Ce sera tout ou rien pour Dustin Cook aux Jeux olympiques : « Je ne m’en vais pas là-bas pour terminer 15e. »

Cook prêt pour un autre coup d’éclat

L’équipe canadienne de ski alpin mise sur son « iCook ».

C’est le surnom donné à Dustin Cook, le vice-champion du monde en super-G en février 2015. Quand un de ses coéquipiers se retrouve face à un problème informatique sur la route, il se tourne vers l’athlète du Lac-Sainte-Marie.

« Je m’en veux de ne pas avoir commencé à leur refiler une facture pour mes services. Je serais riche en ce moment », lance-t-il au bout du fil.

Le skieur alpin de l’Outaouais, qui fêtera ses 29 ans pendant son séjour à PyeongChang, était de bonne humeur. Il s’apprête à vivre sa première aventure olympique en carrière.

Les projecteurs canadiens risquent d’être dirigés vers lui maintenant que le vétéran Erik Guay a déclaré forfait en raison de problèmes de dos.

Cook a terminé deuxième aux championnats du monde, il y a trois ans, à Beaver Creek. Il compte aussi deux podiums en carrière sur le circuit de la Coupe du monde, dont l’or à Meribel, en France. Chaque fois en super-G.

Des performances qui lui avaient permis de devenir le huitième et dernier membre du club des « Cowboys canadiens », les successeurs des « Crazy Canucks ».

« Je sais que je peux gagner. Je l’ai déjà fait », note Cook, qui a raté la saison 2015-2016 en raison d’une blessure majeure à un genou.

Son retour à la compétition à l’automne 2016 a été difficile. Il est le premier à le reconnaître.

Cook a mis la barre haute cet hiver. Il voulait renouer avec le podium en Coupe du monde. Cette présence sur une des trois marches se fait toujours attendre.

« J’avoue que je ne connais pas une superbe saison jusqu’ici. Pourtant, ça va bien à l’entraînement. C’est juste qu’en courses... »

Ce refrain, il semble familier. Dustin Cook tenait un discours similaire à la veille de sa percée aux Mondiaux en 2015.

Il avait terminé 12e à Val Gardena, en Italie, 22e à Abdelboden et 19e à Kitzbuehel.

Cette saison, on l’a vu se pointer en 11e place à Lake Louise, en 14e position à Val Gardena. C’est sans compter ce 21e rang à sa dernière course avant les Jeux à Kitzbuehel.

Bref, c’est du déjà vu.

« Je cogne à la porte. Il suffit que tous les morceaux du casse-tête tombent en place », concède-t-il.

Puis Cook soutient que ce sera tout ou rien dans son cas à PyeongChang. Pas question de jouer de prudence en piste.

« Je ne m’en vais pas là-bas pour terminer 15e », précise-t-il.

À l’image de nombreux athlètes aux Jeux, Dustin Cook aura une pensée pour ses parents, des instructeurs de ski, qui l’ont initié à ce sport à l’âge de deux ans. Maman et papa aiment bien raconter l’histoire de la première course de fiston, ce dernier contournant la ligne d’arrivée au lieu de la franchir.

Une vingtaine d’années plus tard, une piste porte maintenant son nom au Mont Sainte-Marie. Inaugurée en mars 2016, la Dustin Cook était jadis la piste « Outaouais ». Elle a subi une cure de rajeunissement et peut maintenant accueillir des courses de la Fédération internationale de ski (FIS).

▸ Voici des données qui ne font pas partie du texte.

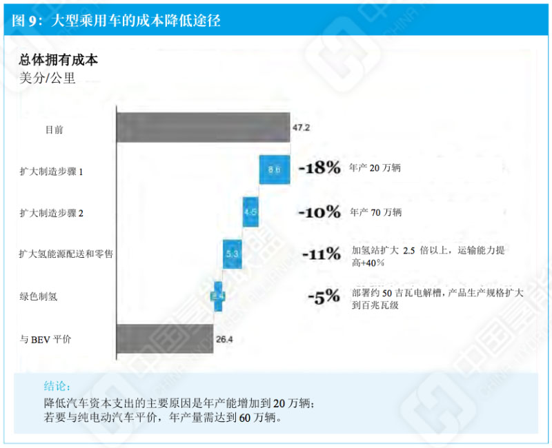 目前階段,氫燃料電池汽車用車成本仍居高不下。據(jù)測算,純電動汽車百公里電費約為6元~15元,燃油車百公里油費約為50元,而氫燃料電池車燃料費用高達(dá)100元。成本問題是制約燃料電池汽車行業(yè)發(fā)展的關(guān)鍵因素。如何才能降成本?根據(jù)國際氫能協(xié)會發(fā)布的《氫能平價之路》,到2030年大型乘用車的總體擁有成本可能下降45%,主要來自于擴(kuò)大產(chǎn)量帶來的規(guī)模效應(yīng)、增加加氫站降低的運輸成本、使用可再生能源降低的制氫成本。

Un des amis américains de Cook a notamment gagné une épreuve du circuit Nor-Am, le printemps dernier, sur cette piste. Tim Jitloff avait été le plus rapide lors d’un slalom géant.

Jitloff avait vécu l’expérience olympique en 2014 à Sotchi, en Russie. Voilà maintenant au tour de Cook de goûter aux Jeux.

Un petit deux que le garçon de Karen et Paul Cook ne contournera pas la ligne d’arrivée au lieu de la franchir comme ce fut le cas à ses débuts.